AFRICANGLOBE – The oil-rich region of eastern Libya declared self-governance on Saturday (June 1st). A day after the announcement by the Cyrenaica Transitional Council, the General National Congress (GNC) discussed the issue and promised to release a statement condemning the declaration.
“Cyrenaica is a federal territory within the framework of the Libyan state, and as of Saturday June 1st, will start to run its own affairs,” said Cyrenaica council chief Ahmed Zubair al-Senussi, speaking in the eastern city of Marj.
Two weeks ago, 3,000 eastern leaders and community representatives met and decided to proclaim regional autonomy on June 1st, the anniversary of the 1949 declaration of independence by the Emirate of Cyrenaica.
The eastern region will “activate Libya’s 1951 constitution, establish a Senate and Congress to form Cyrenaica’s Parliament representing all segments of the territory without exclusion until elections are held in the region, as well as establish a regional government in co-operation with all political parties without exclusion putting the interests of the territory first”, he added.
The growing chaos in the country and the “inability of the government to take decisive action” led Cyrenaica to declare autonomy” and “get on with running itself, while awaiting the rest of the country to pull itself together”, a senior official close to al-Senussi told Libya Herald last month on condition of anonymity.

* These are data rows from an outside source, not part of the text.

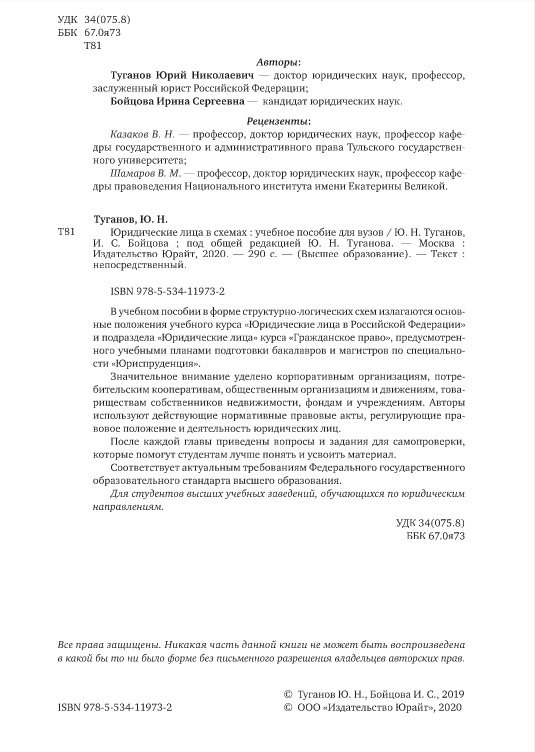 Серия «Университеты России» позволит высшим учебным заведениям нашей страны использовать в образовательном процессе издания (в том числе учебники и учебные пособия по различным дисциплинам), подготовленные преподавателями лучших университетов России и впервые опубликованные в издательствах университетов. Все представленные в этой серии работы прошли экспертную оценку учебно-методического отдела издательства и публикуются в оригинальной редакции. В учебном пособии в форме структурно-логических схем излагаются основные положения учебного курса «Юридические лица в Российской Федерации» и подраздела «Юридические лица» курса «Гражданское право», предусмотренного учебными планами подготовки бакалавров и магистров по специальности «Юриспруденция». Значительное внимание уделено корпоративным организациям, потребительским кооперативам, общественным организациям и движениям, товариществам собственников недвижимости, фондам и учреждениям. Авторы используют действующие нормативные правовые акты, регулирующие правовое положение и деятельность юридических лиц. После каждой главы приведены вопросы и задания для самопроверки, которые помогут студентам лучше понять и усвоить материал. Соответствует актуальным требованиям Федерального государственного образовательного стандарта высшего образования. Для студентов высших учебных заведений, обучающихся по юридическим направлениям.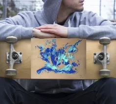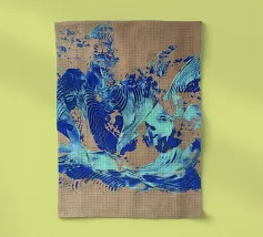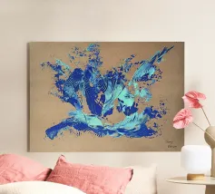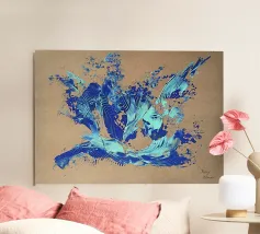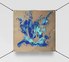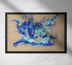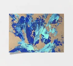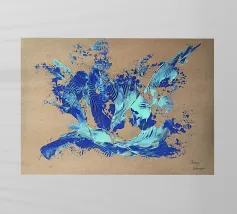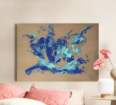 Quest'opera è realizzata su un foglio di cartone senza colorazione, lasciando visibili sullo sfondo le fibre di legno che la compongono. L'obiettivo è quello di presentare un'opera dipinta che mantenga un aspetto grezzo, offrendo un supporto che evochi la sua origine naturale. Il risultato è un'armonia e una maggiore facilità di integrazione in diversi stili di arredamento.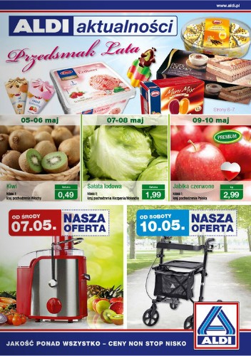 {loadposition linkAldi} Nowa gazetka promocyjna Aldi - "Przedsmak lata". Polecane promocje z gazetki Aldi: Sokowirówka QUIGG 800 W - 139 zł. Metalowa figura ogrodowa - 49,99 zł. Ochrona przed owadami na okno - 9,99 zł. Oferta ważna od…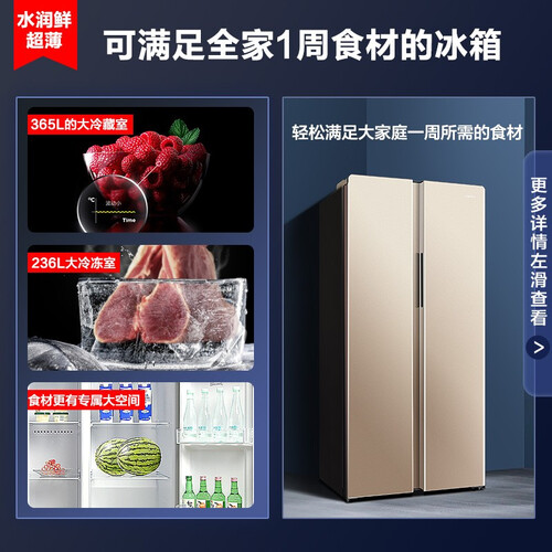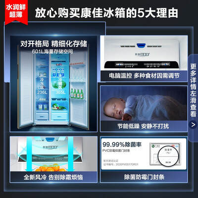 601升大容量空间存储,各种瓜果青菜海量存储,满足不同使用需求。全新风冷技术,制冷速度快,告别除霜烦恼。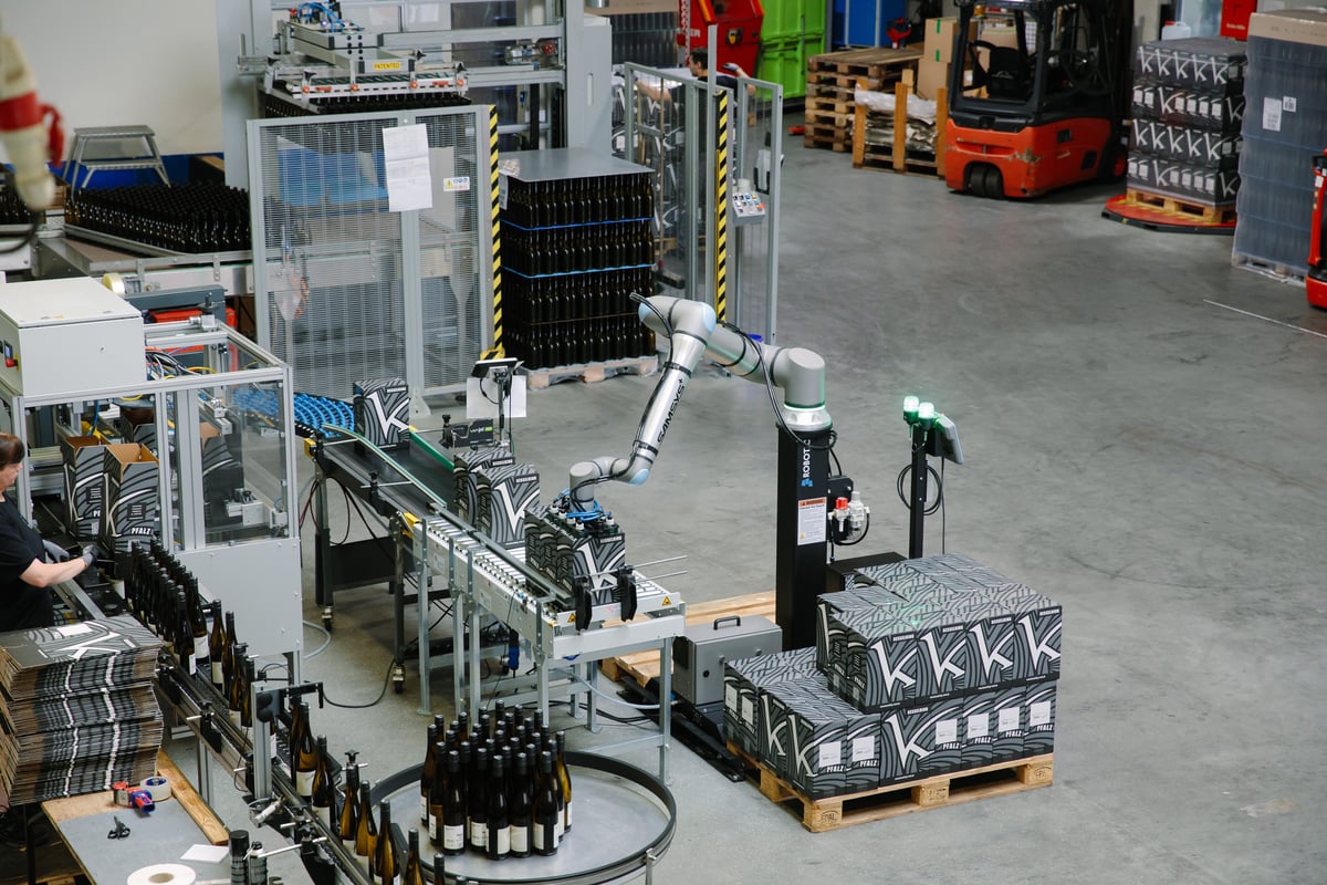 Erfahren Sie, wie dieser Weinhersteller die Herausforderungen der manuellen Palettierung mit einer 3-tägigen Implementierung und einer Cobot-Lösung mit einer Amortisation von 14 Monaten gemeistert hat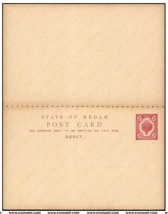 Sultanate of Kedah - 5 Pieces of 3¢ Postcard + 3¢ Reply Card + Banderole (1912)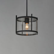 Squared columns in Matte Black finish tower above the cylindrical glass shade rated for outdoor applications. A rectangular hook detail carries the square form through to the backplate. A modern interpretation of a bell tower, these outdoor pendants and sconces are a cleaned up, transitional look for exteriors.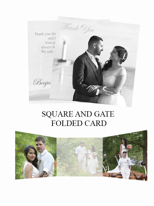 Perfect for sending friends, family and guests a special thank you. All of our cards are custom designed with your image selections. We will email you a proof for approval and then print, in-studio, in quantities starting at 50. The size for this layout is 6x6 and 6x18.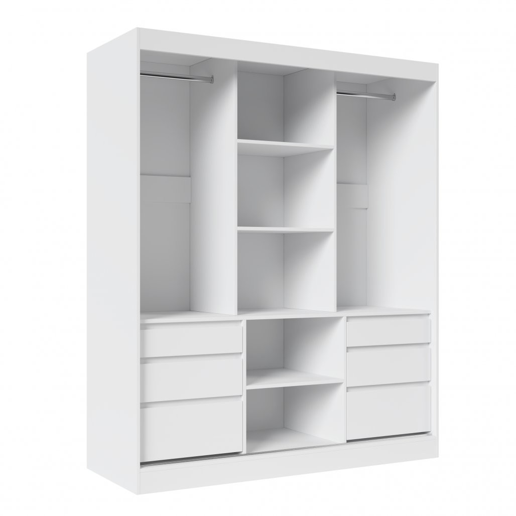 Ker ima omara drsna vrata, ne zavzema dodatnega prostora pri odpiranju, kar je idealno za manjše prostore. Prostorne police, predali in obešalni drogovi omogočajo optimalno organizacijo oblačil in dodatkov.

“The people of Cyrenaica will not wait for hostilities in Tripoli and Fezzan to end,” al-Senussi said Saturday.
The Cyrenaica Transitional Council approved a defence force in accordance with two resolutions issued on May 11th and 24th. The defence force will operate alongside the army and public security.
“We are serious in fighting terrorism and corruption and we will work to protect the Libyan state,” al-Senussi said.
He called on the GNC to deposit Cyrenaica’s budget in the Central Bank, to prioritise development create opportunities for young people.
“We will co-operate with our neighbours to address security, to fight immigration and drugs and to respect all agreements with the countries of the world,” al-Senussi said, adding that he no longer trusted the GNC and the government.
“The positive side in the declaration of Marj is that federalists refused to recognise the political isolation law,” al-Bayda-based Naji al-Harbi said. “This should be enough pressure to drop this law if the federalists choose to do so, which would be a hard blow to the Islamists.”
Journalist Mohammed Amer from the city of Benghazi opined, “Federalism has returned and is stronger than before.”
Media figure Fatima Marimi from Benghazi said that the dismantling of the centralised system was “needed to calm the worries of citizens in the east and the perception that everything is located in the capital”.
Derna native and blogger Abdel Nasser Bah was doubtful, however, that Libya would adopt the federalist system.
“When the federal system was discussed first on the grounds of the large size of Libya and the lack of communication and transportation, three cities clearly rejected the idea, namely Tripoli, Benghazi and Derna, despite the approval of the majority of Libyans at the time,” he said.
“Twelve years later the federal idea was dropped, and today only 8% of Libyans are demanding a federation that is not justified on the ground,” he added. “We are the descendants of those opponents. We have become 92% and we will not allow the division of the country.”